__Task directions__.
From the line containing "Moderni, saunallinen, kahden" down to the line containing "상태: S에서 i를 뺌, 비트마스크로는" in the records below, reproduce every line exactly, ends included, and omit all others.
····················
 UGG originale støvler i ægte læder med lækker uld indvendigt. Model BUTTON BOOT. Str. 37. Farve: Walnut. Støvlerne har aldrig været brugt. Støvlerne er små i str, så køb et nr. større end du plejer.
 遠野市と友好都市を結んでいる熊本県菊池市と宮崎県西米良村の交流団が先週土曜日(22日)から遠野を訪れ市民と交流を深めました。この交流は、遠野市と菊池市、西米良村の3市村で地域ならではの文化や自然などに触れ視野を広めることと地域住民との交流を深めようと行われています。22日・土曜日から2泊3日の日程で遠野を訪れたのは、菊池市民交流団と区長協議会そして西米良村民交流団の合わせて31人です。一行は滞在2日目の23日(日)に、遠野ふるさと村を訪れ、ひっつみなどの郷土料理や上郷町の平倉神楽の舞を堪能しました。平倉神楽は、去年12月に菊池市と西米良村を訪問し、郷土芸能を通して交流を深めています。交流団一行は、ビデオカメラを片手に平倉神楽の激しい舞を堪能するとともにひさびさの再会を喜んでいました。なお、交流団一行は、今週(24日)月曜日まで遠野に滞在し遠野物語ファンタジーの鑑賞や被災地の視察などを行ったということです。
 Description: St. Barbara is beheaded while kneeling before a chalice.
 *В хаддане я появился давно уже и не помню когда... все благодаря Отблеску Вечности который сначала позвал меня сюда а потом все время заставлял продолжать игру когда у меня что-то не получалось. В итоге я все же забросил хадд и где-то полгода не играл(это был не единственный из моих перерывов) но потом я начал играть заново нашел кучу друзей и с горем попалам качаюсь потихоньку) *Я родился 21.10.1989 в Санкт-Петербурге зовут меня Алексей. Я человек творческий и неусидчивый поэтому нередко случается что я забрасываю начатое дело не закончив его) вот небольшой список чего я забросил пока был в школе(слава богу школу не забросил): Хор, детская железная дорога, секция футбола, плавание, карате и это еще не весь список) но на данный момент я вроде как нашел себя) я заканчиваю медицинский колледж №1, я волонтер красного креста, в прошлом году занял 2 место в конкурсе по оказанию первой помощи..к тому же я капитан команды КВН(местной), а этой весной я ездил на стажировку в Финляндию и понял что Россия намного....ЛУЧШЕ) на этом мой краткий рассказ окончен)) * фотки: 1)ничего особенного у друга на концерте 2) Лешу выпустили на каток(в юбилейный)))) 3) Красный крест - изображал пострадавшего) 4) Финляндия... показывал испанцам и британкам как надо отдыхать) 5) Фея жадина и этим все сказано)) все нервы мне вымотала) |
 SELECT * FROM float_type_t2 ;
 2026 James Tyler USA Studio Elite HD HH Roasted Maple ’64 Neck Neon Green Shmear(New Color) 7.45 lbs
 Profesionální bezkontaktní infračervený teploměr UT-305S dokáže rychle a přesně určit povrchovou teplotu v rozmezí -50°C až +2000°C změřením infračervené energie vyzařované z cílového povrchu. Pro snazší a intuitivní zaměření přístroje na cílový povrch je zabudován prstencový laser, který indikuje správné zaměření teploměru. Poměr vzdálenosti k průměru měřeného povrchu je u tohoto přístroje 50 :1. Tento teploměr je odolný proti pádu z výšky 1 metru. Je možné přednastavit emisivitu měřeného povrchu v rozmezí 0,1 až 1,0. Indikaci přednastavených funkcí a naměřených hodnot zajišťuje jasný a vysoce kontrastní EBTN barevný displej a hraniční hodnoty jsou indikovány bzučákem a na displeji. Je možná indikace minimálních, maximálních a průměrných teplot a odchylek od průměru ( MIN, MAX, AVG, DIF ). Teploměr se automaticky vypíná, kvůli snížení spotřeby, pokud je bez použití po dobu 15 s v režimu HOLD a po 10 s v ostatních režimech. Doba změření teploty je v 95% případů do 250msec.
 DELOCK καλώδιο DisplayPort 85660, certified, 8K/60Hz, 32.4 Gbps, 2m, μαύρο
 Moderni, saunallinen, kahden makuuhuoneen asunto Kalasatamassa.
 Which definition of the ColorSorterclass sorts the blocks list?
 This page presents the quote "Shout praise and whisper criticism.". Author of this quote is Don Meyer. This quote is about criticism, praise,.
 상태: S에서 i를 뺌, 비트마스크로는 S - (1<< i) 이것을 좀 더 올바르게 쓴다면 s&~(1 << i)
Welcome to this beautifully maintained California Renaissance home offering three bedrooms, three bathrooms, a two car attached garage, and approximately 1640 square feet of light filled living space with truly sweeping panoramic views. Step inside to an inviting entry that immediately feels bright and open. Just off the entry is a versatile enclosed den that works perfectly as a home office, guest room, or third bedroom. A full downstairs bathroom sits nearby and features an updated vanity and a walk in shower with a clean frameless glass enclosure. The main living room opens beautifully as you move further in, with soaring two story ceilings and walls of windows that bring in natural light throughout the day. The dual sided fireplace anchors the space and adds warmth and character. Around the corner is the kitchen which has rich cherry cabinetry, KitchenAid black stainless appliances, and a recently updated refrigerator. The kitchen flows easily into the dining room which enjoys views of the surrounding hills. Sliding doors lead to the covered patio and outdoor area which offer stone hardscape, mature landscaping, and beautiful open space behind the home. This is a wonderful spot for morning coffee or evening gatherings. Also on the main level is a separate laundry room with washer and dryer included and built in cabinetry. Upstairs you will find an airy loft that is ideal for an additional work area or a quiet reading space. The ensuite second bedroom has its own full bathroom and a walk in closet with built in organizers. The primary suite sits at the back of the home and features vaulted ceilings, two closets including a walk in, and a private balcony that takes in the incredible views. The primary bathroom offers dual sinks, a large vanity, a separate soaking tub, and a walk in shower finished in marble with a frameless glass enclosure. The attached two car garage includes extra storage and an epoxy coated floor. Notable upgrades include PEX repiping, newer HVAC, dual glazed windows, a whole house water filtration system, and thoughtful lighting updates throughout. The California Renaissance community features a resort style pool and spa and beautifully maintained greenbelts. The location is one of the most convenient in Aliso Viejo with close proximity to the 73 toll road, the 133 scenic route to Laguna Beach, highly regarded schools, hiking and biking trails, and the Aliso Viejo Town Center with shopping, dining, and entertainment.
····················
__Problem solution__.
 Moderni, saunallinen, kahden makuuhuoneen asunto Kalasatamassa.
 Which definition of the ColorSorterclass sorts the blocks list?
 This page presents the quote "Shout praise and whisper criticism.". Author of this quote is Don Meyer. This quote is about criticism, praise,.
 상태: S에서 i를 뺌, 비트마스크로는 S - (1<< i) 이것을 좀 더 올바르게 쓴다면 s&~(1 << i)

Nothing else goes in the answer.